Why the tweet mattered immediately

Biology benchmarks usually reward memorization or narrow problem solving, not the messy workflow a researcher faces when handed raw datasets. Anthropic's main X account pushed a different claim on April 29: Claude was tested on 99 real bioinformatics problems, and on 23 where human experts could not solve the task from scratch, the company's most recent models solved roughly 30%.

"On 23 problems, the experts were stumped. Our most recent models solved roughly 30% of those."

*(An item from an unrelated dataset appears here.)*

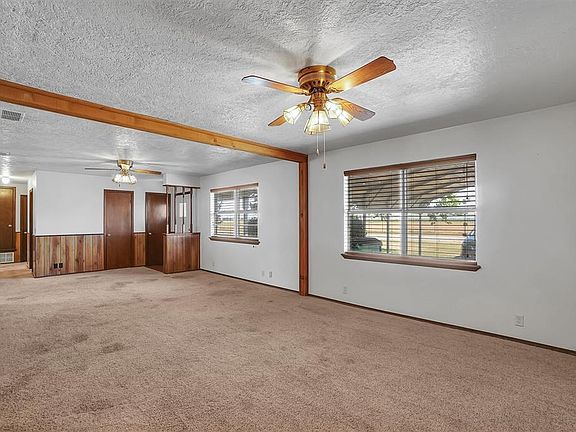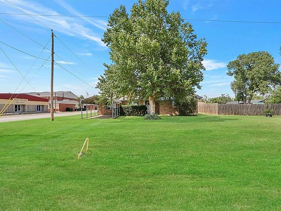 Nice brick home on corner lot has 2 nice sized bedrooms and 2 full bathrooms. The living room is large and opens to the dining area and kitchen. The kitchen features butcher block countertops, a gas stove, and a snack bar. The house has CH&A plus a supplemental heater. The utility room is also large with washer and dryer hookups, 2021 water heater, shelves and cabinets. The backyard is fenced and has a nice large area garden area. The outbuilding has electricity, a cement floor and a small lean-to connected to the building. Seller will have a new roof put on the house prior to closing. Nice house is quiet Southwest Oklahoma town close to Texas border.

The linked Science Blog post explains why that number is more than a leaderboard flourish. Anthropic says BioMysteryBench draws from raw or minimally processed DNA, RNA, proteomics and metabolomics datasets, then asks questions with objective ground truth rather than open-ended scientific opinion. Up to five domain experts attempted each task. After quality control, 76 tasks were labeled human-solvable and 23 remained human-difficult. The post says current Claude generations are now roughly on par with human experts overall, and sometimes reach correct answers through different analytical routes.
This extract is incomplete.